### TASK TO CARRY OUT
Exact copies of the lines from the one with "Thai Ambassador to" through the last line of the entries, and no pictures, make up the answer.

:: LISTED RECORDS

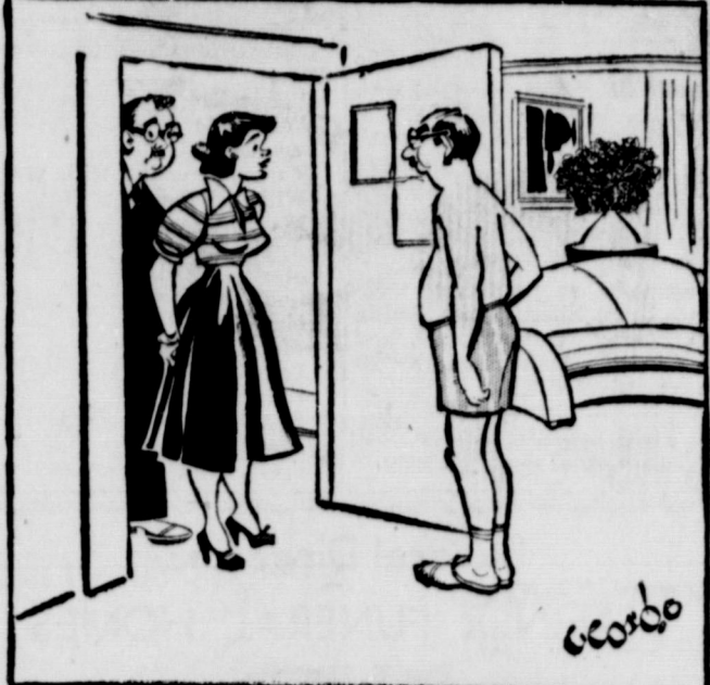
"With six kids in the house, you expect me to be ready?"
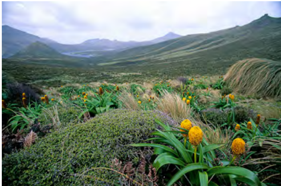
Campbell Island scene with the Ross Lilly in foreground, themes selected for the Series 5 $5 note, and retained for Series 6 and 7.

While the earlier selection of people, scenes, flora and fauna were retained for Series 7, the specific pictures – with the exception of most of the portraits – were renewed. One of the main motives for this decision was rights administration. Although full rights had been obtained in 1991–92 for the specific images used in the notes, fresh permissions had to be obtained for use in a completely new series, and a 2012 study by the Bank identified that this was likely to be complex. By the early 2010s, some of the original photographers had passed away, and in other cases
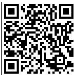
Figure 1: QR Code - Try Me to go to a LOEX web page!

Basically, QR codes can be used anytime you want to direct users to information that can be accessed, used, or
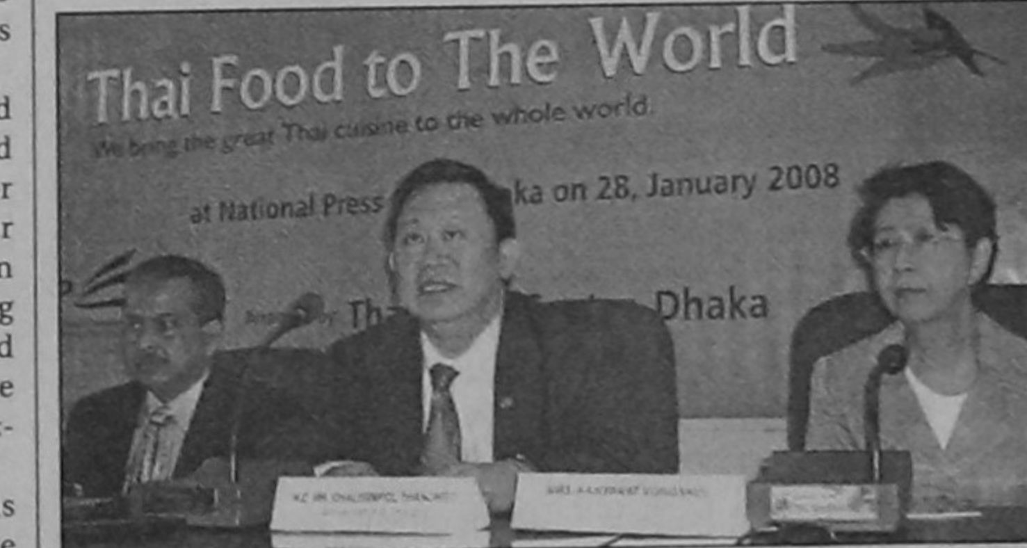
Thai Ambassador to Bangladesh Chalermphol Thanchitt speaks at a press conference titled 'Thai food to the world' at the National Press Club in the city yesterday.

FROM PAGE 16 The bidding will offer attractive gas price prospects, but it also withdraws zero corporate tax facilities for oil companies--a benefit that was offered in the previous block bids.
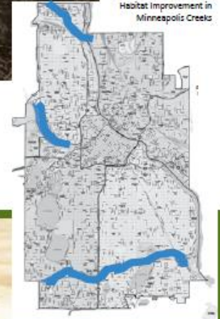
Green Infrastructure and Habitat Improvement in Minneapolis Creeks
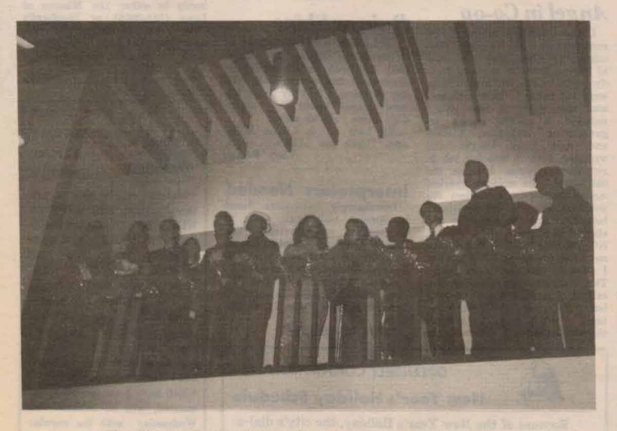
The Eleanor Roosevelt High School Chamber Choir sings for the tree lighting ceremony at Greenbriar on Sunday, December 11.
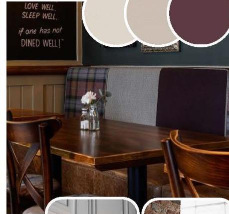
FURNITURE TO THE DINING AREA

::::

### REPLY TO THE TASK
Thai Ambassador to Bangladesh Chalermphol Thanchitt speaks at a press conference titled 'Thai food to the world' at the National Press Club in the city yesterday.

FROM PAGE 16 The bidding will offer attractive gas price prospects, but it also withdraws zero corporate tax facilities for oil companies--a benefit that was offered in the previous block bids.
Green Infrastructure and Habitat Improvement in Minneapolis Creeks
The Eleanor Roosevelt High School Chamber Choir sings for the tree lighting ceremony at Greenbriar on Sunday, December 11.
FURNITURE TO THE DINING AREA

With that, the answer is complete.